Оратор вышел из конклава. Валерия осталась одна, погруженная в глубокое, печальное раздумье. От этих грустных мыслей ее отвлек Спартак. Войдя в конклав, он бросился к ногам Валерии и в бессвязных словах благодарил ее за любовь к нему и за выраженные ею чувства.
Вдруг он вздрогнул, вырвался из объятий Валерии и, сразу побледнев, насторожился, как будто сосредоточенно, всеми силами души прислушивался к чему-то.
– Что с тобой? – взволнованно спросила Валерия.
– Молчи, молчи, – прошептал Спартак.
В эту минуту в глубокой тишине оба ясно услышали хор чистых и звучных молодых голосов, хотя до конклава Валерии долетало только слабое, отдаленное его эхо. Хор пел где-то далеко, на одной из четырех улиц, которые вели к дому Суллы, стоявшему очень уединенно, как и все патрицианские дома; пели песню, сложенную на полуварварском языке – смеси греческого с фракийским.
Широко раскрыв глаза, Спартак замер и весь обратился в слух, как будто вся его жизнь зависела от этой песни. Валерия могла уловить и понять только немногие греческие слова.
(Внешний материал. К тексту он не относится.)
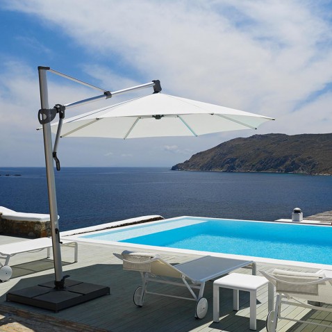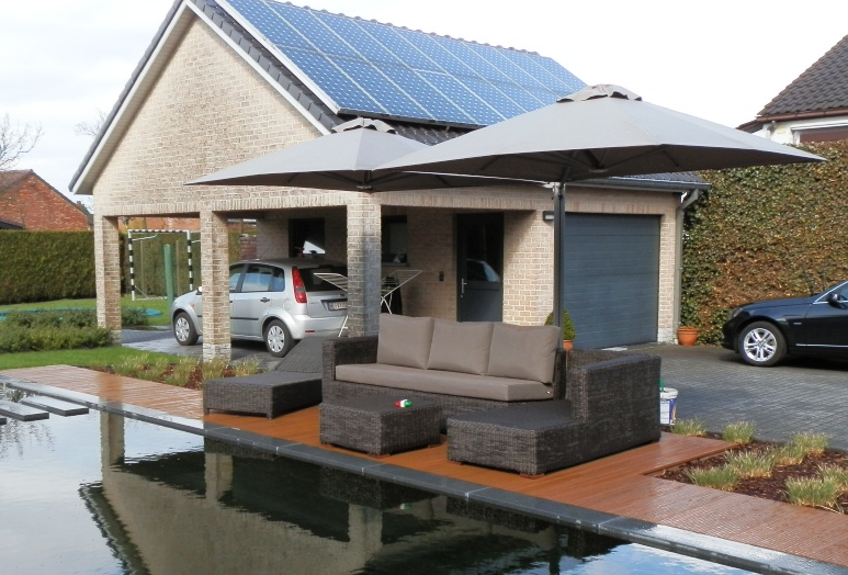 De opstelling bestaat uit een paal waaraan maar liefst tot vier parasols kunnen worden bevestigd. Via een gepatenteerde bediening compleet met gasveer worden de parasols met speels gemak ingeklapt. Nog meer luxe biedt de elektrische variant waarbij dit ‘gewoon’ via de afstandsbediening gebeurt. Leuk is ook de mogelijkheid om de voet uit te rusten met moodlights. Er kan gekozen worden voor authentieke ronde parasols of trendy vierkante. De ronde hebben een afmeting van 350 cm waar de vierkante met 250 cm of 300 cm ook niet echt bescheiden blijven. Bij een vierkante opstelling met vier parasols is er dus een gebied van ruim 36 m² gecreëerd.
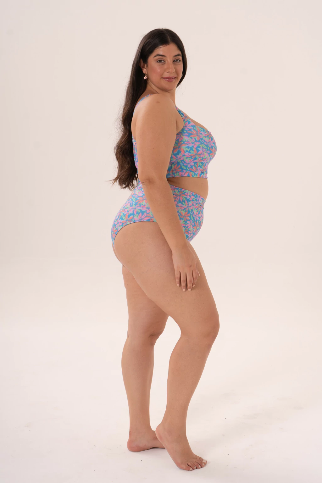 Bombacha realizada en tricot lycra estampada. Bombacha de cintura ancha con detalle de elástico embutido en el borde superior para mejorar el ajuste.
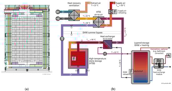 (a) Technical drawing of the HTSS including the stone core made of bricks, the different insulation layers, and air channels. (b) Sketch of the integration of an HTSS into the technical building equipment for supplying a building with space heating and domestic hot water. It shows the operating state with simultaneous hot water preparation and supply air heating (space heating).
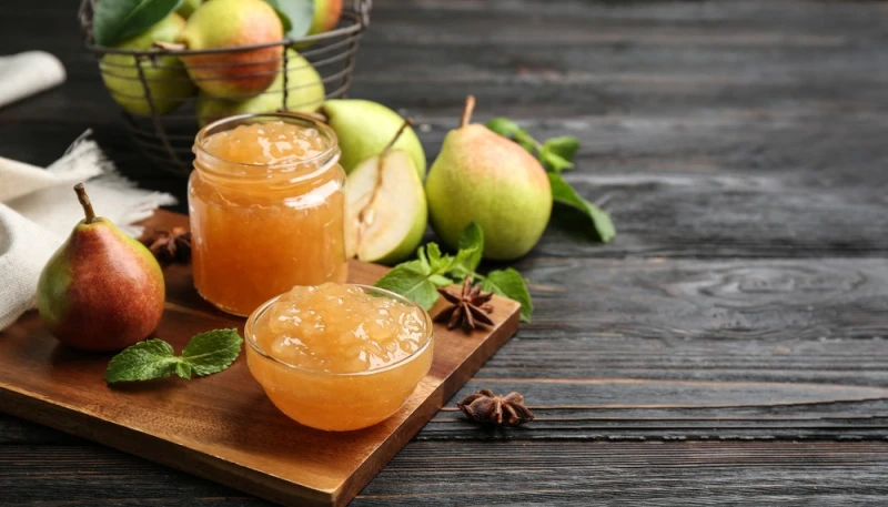 2° Dans une casserole, ajoutez le poiré, le jus de citron et les poires et faites bouillir le tout jusqu’à obtenir une couleur translucide. Filtrez au chinois.
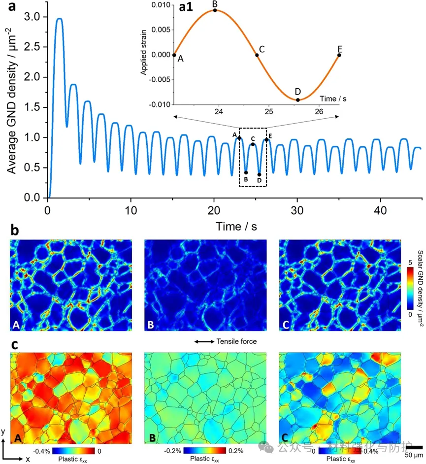 蠕变损伤对总SED的贡献随温度升高而增加,450°C时约5.3%,600°C失效时达11%。另外,蠕变损伤显著加剧循环软化,降低局部滑移阻力、减小弹性模量,且放大应变局部化,与实验观察一致。600°C每循环内,GND密度在卸载状态达最大,峰值/谷值载荷时最小。蠕变损伤可减小循环内GND密度波动,且GND在晶界集中,与 EBSD 实验结果吻合。

Она молчала, и на ее бледном, как алебастр, лице отражалось страдание, написанное на лице рудиария, хотя она и не понимала причину его душевной муки.
Оба не произнесли ни слова; когда же стихло пение гладиаторов, Спартак схватил руки Валерии и, целуя их с лихорадочной горячностью, произнес прерывающимся от слез голосом:
– Не могу… не могу… Валерия… моя Валерия… прости меня… Я не могу всецело принадлежать тебе… потому что сам не принадлежу себе…
Валерия вскочила, приняв эти бессвязные слова за намек на какую-то прежнюю любовь рудиария. В волнении она воскликнула:
– Спартак!.. Что ты говоришь!.. Что ты сказал? Какая женщина может отнять у меня твое сердце?
– Не женщина… нет, – ответил гладиатор, печально качая головой. – Не женщина запрещает мне быть счастливым… самым счастливым из людей… Нет! Это… это… Нет, не могу сказать… не могу говорить… Я связан священной и нерушимой клятвой… Я больше не принадлежу себе… И достаточно этого… потому что, повторяю тебе, я не могу, не должен говорить… Знай только одно, – добавил он дрожащим голосом, – вдали от тебя, лишенный твоих божественных взглядов… я буду несчастлив… очень несчастлив… – И голосом, в котором звучало глубокое горе, он сказал: – Самый несчастный из всех людей.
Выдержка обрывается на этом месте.